[Opening ENTRIES SUPPLIED section]

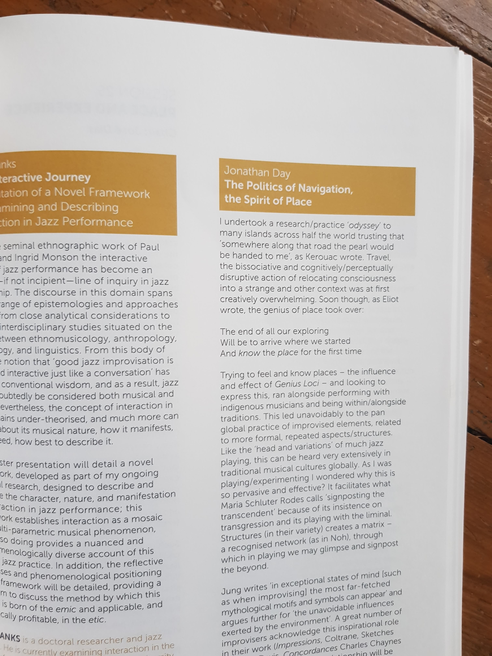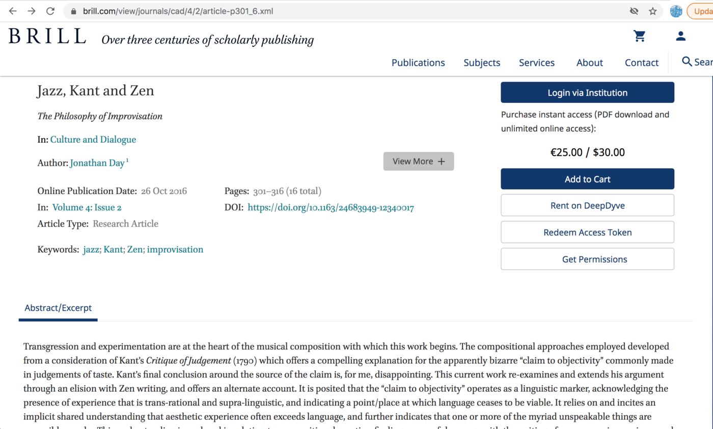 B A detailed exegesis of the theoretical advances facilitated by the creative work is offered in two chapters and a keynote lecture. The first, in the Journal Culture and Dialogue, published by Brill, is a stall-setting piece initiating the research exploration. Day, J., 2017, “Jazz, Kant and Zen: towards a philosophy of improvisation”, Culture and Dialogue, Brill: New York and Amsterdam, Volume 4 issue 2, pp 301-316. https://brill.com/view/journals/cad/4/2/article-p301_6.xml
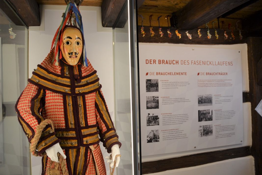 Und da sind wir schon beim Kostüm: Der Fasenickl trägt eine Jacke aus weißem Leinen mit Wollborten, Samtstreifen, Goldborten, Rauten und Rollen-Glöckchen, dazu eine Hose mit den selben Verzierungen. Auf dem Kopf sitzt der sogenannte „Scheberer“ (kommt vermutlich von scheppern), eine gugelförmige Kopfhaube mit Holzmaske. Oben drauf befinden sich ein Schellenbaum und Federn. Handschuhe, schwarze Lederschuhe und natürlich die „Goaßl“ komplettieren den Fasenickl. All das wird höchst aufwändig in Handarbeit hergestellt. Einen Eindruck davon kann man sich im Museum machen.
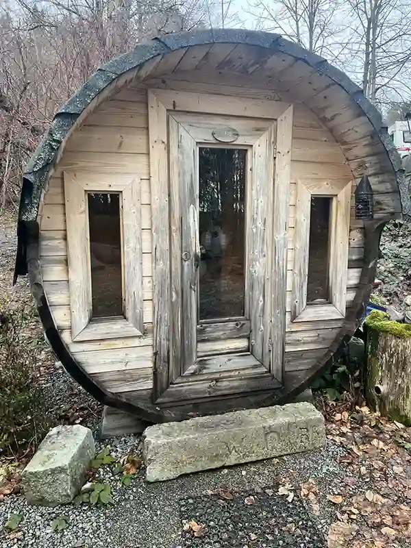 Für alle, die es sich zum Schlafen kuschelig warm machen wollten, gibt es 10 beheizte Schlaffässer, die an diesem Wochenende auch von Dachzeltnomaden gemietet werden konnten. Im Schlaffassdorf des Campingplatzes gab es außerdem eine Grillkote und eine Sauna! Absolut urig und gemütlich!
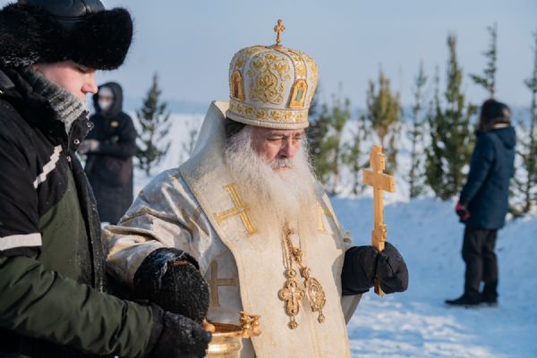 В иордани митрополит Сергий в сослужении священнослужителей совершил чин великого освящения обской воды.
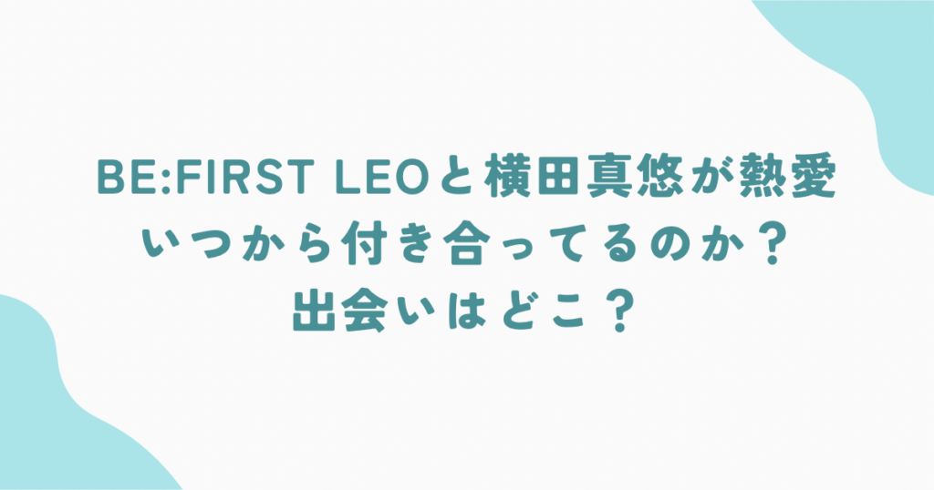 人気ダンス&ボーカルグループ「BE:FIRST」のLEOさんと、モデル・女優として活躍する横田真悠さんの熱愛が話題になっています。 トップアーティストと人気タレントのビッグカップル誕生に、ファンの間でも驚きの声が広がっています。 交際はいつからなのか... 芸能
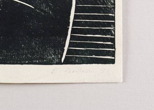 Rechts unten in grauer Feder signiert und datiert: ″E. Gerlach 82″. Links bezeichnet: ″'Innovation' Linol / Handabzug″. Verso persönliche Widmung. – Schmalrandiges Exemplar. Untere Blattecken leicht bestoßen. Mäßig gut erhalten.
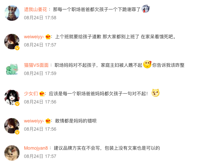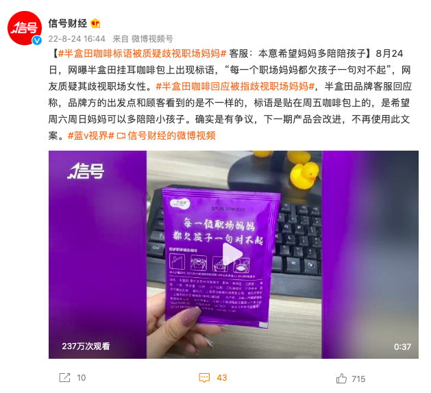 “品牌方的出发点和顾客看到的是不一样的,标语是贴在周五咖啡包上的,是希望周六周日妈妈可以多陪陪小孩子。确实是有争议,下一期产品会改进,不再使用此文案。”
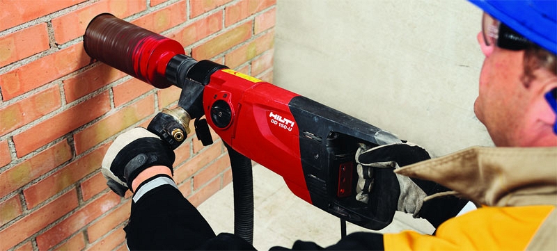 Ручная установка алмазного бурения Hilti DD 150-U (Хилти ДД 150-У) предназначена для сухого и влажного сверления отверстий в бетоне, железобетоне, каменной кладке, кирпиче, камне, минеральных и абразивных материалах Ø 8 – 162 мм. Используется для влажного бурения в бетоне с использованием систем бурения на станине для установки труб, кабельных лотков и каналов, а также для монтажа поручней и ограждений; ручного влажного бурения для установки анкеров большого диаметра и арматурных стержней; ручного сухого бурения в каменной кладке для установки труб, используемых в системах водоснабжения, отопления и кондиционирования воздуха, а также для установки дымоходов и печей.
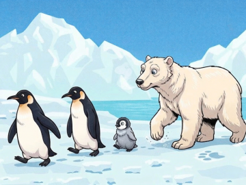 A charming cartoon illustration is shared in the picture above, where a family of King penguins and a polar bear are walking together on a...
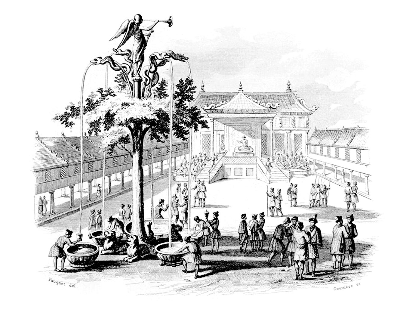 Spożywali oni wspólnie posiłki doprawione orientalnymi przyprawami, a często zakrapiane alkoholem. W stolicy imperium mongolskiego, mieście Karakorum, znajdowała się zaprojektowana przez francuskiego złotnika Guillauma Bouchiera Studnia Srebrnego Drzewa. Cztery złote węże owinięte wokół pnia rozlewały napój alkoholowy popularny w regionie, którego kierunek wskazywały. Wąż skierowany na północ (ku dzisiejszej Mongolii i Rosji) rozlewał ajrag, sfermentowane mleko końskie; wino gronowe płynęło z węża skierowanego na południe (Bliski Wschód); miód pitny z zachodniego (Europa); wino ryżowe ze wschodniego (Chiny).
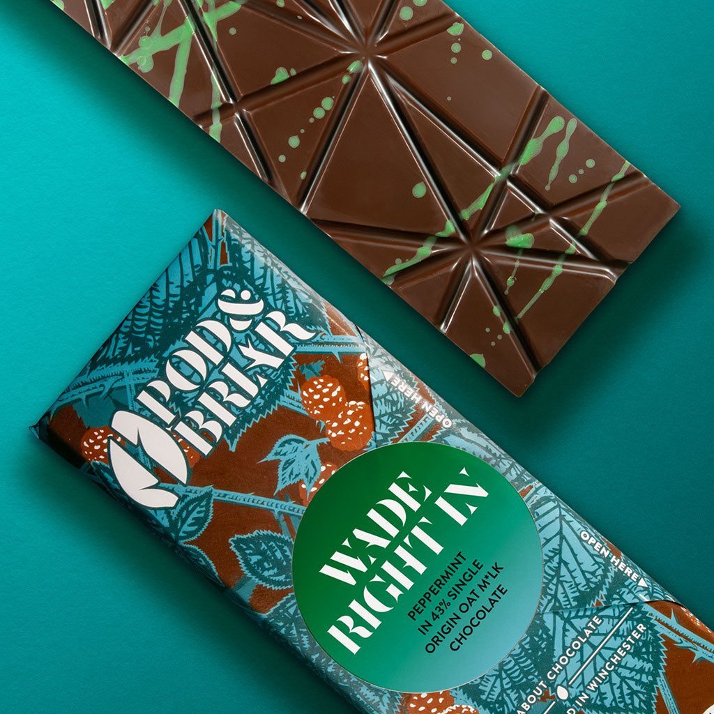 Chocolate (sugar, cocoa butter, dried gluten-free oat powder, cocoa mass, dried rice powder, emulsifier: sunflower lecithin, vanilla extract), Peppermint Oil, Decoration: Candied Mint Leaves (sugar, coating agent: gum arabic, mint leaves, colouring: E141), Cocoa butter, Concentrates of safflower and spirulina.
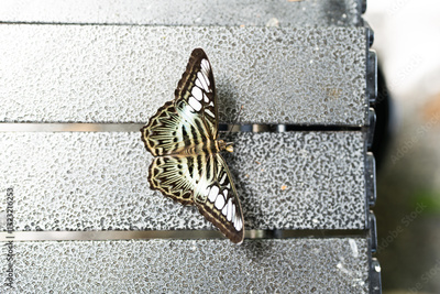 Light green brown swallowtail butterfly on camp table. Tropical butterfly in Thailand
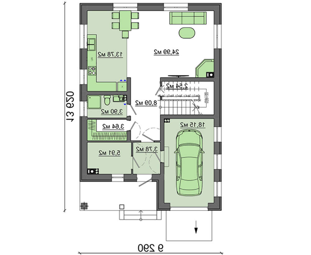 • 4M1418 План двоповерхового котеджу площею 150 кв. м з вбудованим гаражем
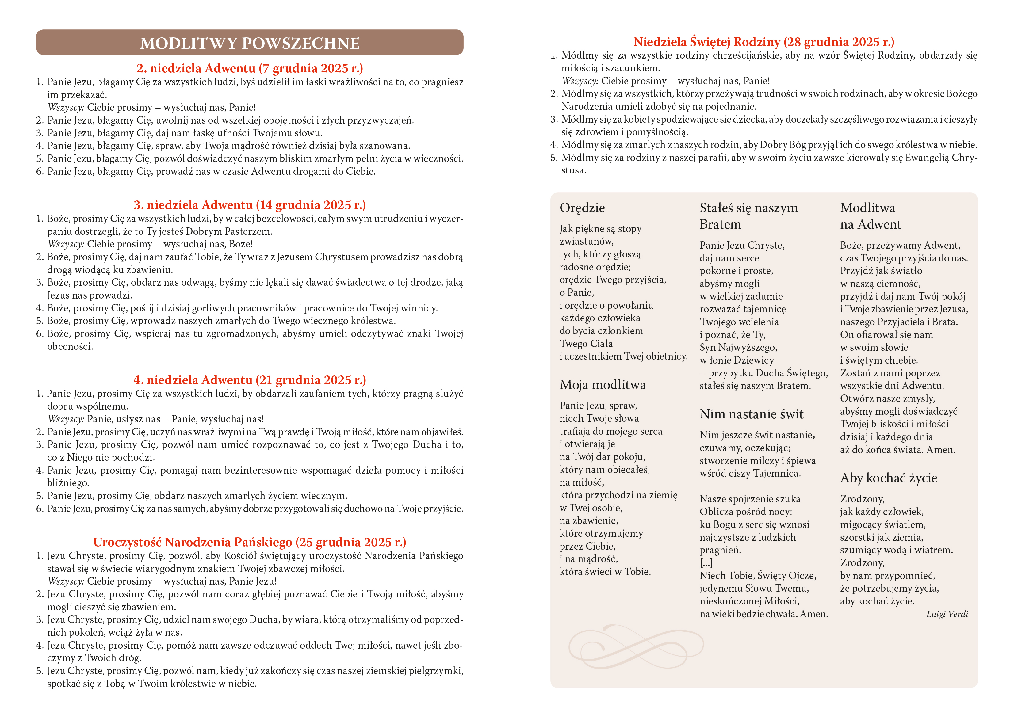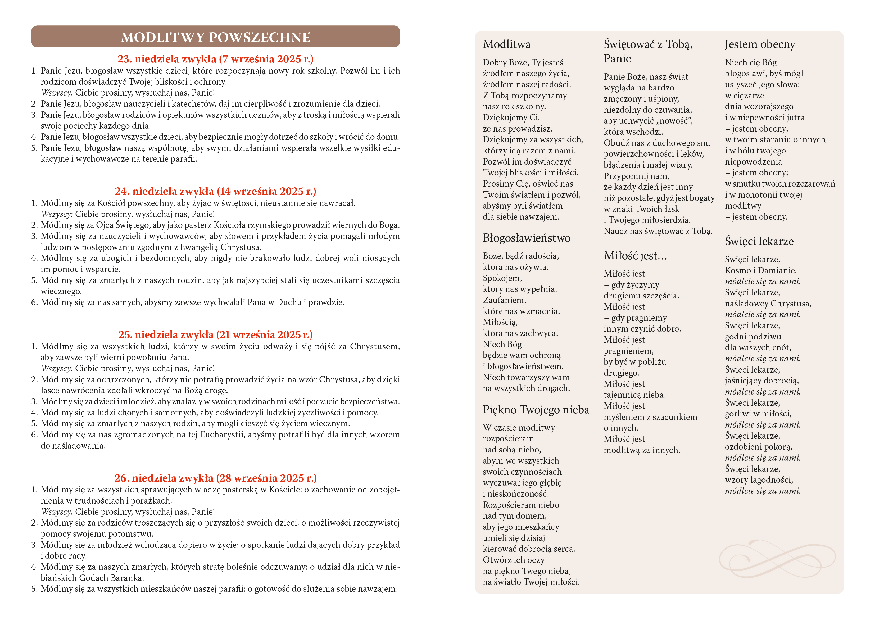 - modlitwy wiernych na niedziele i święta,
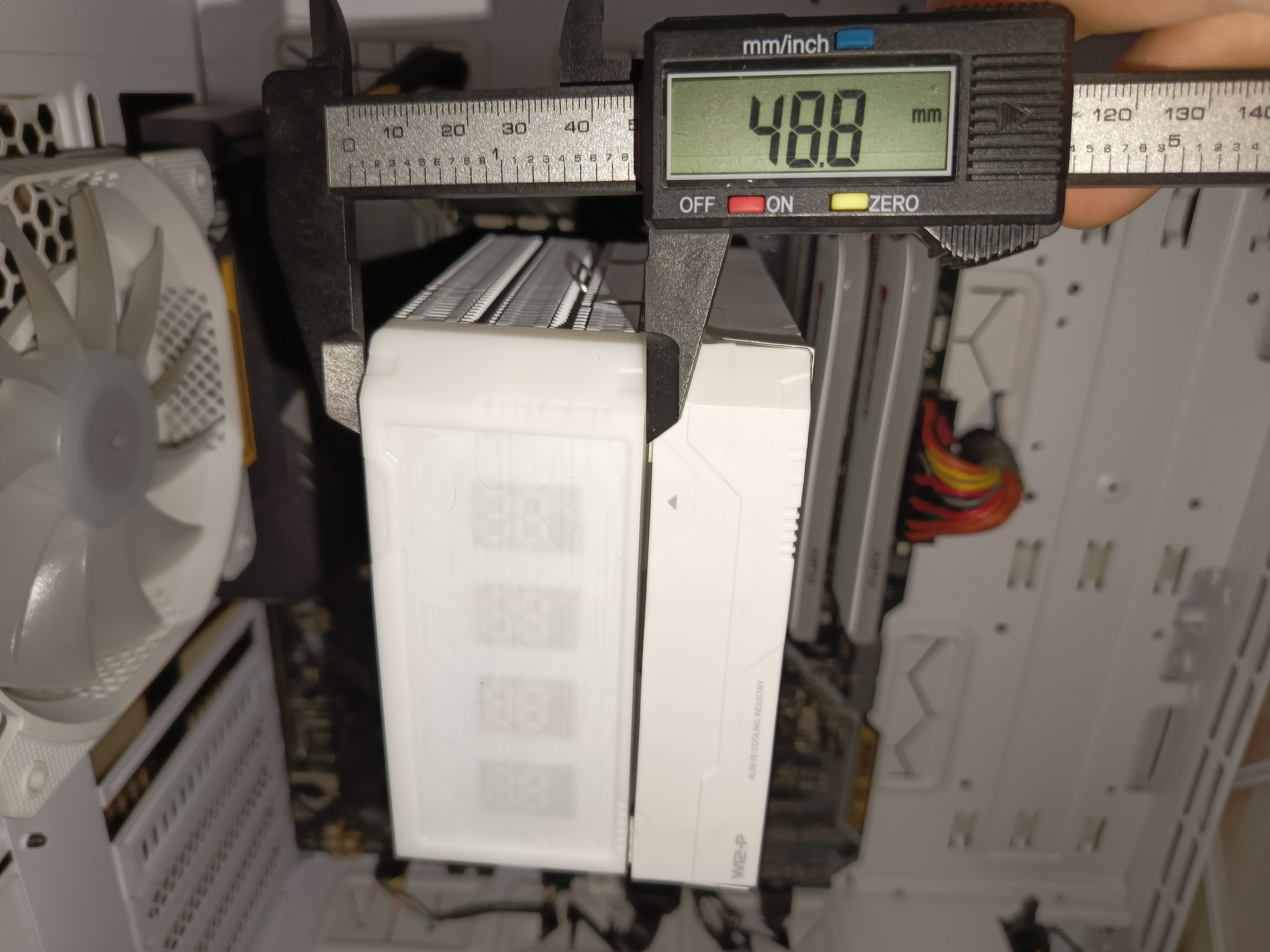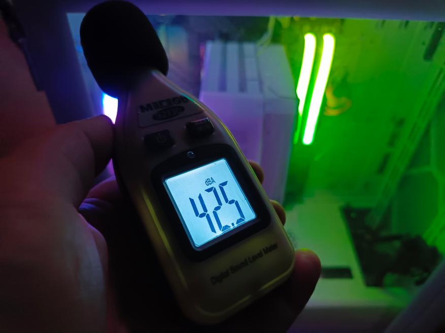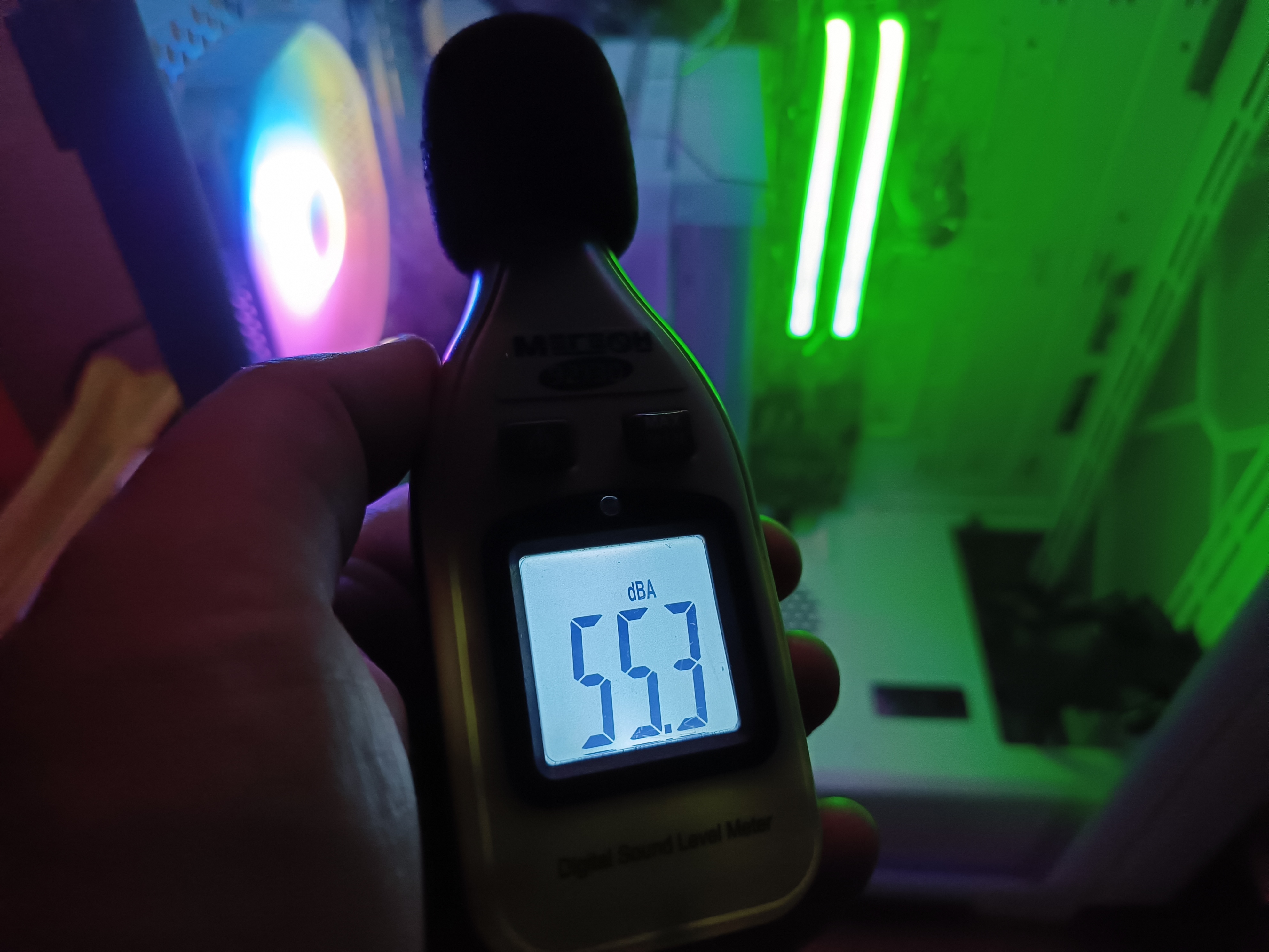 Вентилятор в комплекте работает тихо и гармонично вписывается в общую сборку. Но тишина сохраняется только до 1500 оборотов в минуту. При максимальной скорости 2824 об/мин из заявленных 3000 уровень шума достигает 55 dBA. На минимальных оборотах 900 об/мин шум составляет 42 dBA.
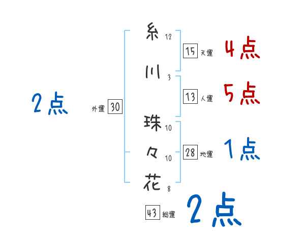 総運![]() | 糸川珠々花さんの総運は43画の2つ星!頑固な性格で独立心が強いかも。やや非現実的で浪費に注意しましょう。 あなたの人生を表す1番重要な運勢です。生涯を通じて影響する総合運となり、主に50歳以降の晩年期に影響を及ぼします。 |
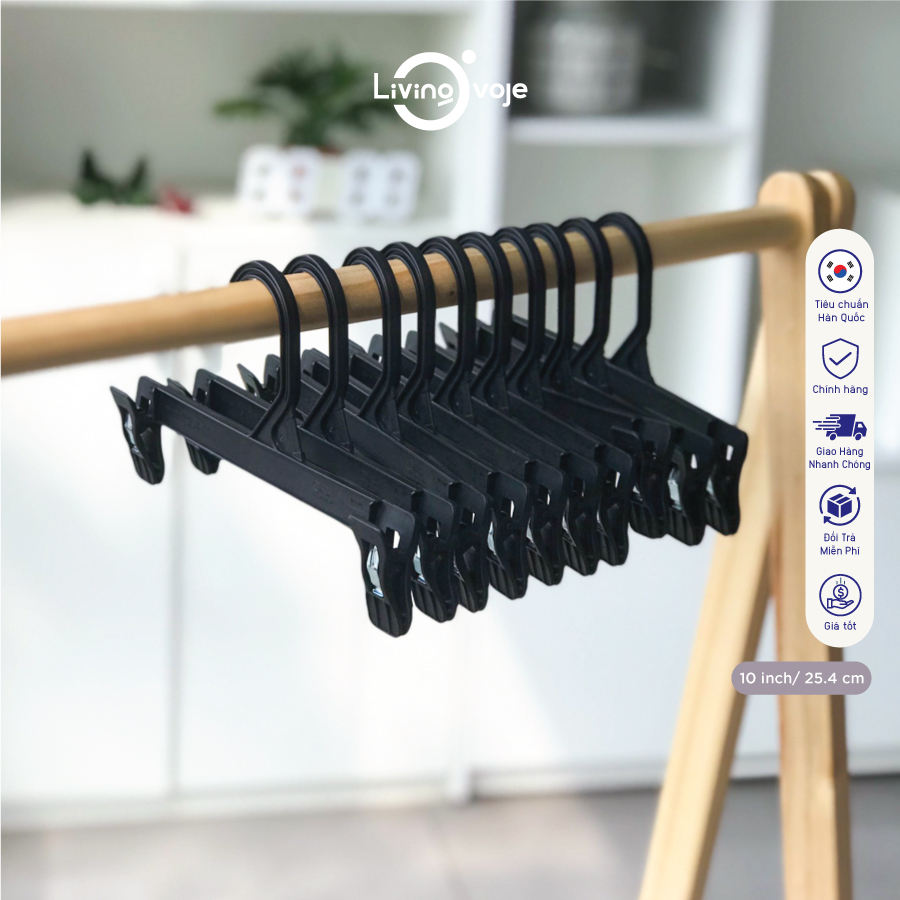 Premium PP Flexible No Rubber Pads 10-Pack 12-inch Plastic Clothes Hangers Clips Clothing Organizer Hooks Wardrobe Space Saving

[Closing ENTRIES SUPPLIED section]

WORK ITEM ▸ What is needed is an exact copy of only the lines from the line containing "Light green brown" through the last line of the entries, inclusive, without the pictures.

RESULT FOR THIS EXERCISE ▸
 Light green brown swallowtail butterfly on camp table. Tropical butterfly in Thailand
 • 4M1418 План двоповерхового котеджу площею 150 кв. м з вбудованим гаражем
 - modlitwy wiernych na niedziele i święta,
 Вентилятор в комплекте работает тихо и гармонично вписывается в общую сборку. Но тишина сохраняется только до 1500 оборотов в минуту. При максимальной скорости 2824 об/мин из заявленных 3000 уровень шума достигает 55 dBA. На минимальных оборотах 900 об/мин шум составляет 42 dBA.
 総運![]() | 糸川珠々花さんの総運は43画の2つ星!頑固な性格で独立心が強いかも。やや非現実的で浪費に注意しましょう。 あなたの人生を表す1番重要な運勢です。生涯を通じて影響する総合運となり、主に50歳以降の晩年期に影響を及ぼします。 |
 Premium PP Flexible No Rubber Pads 10-Pack 12-inch Plastic Clothes Hangers Clips Clothing Organizer Hooks Wardrobe Space Saving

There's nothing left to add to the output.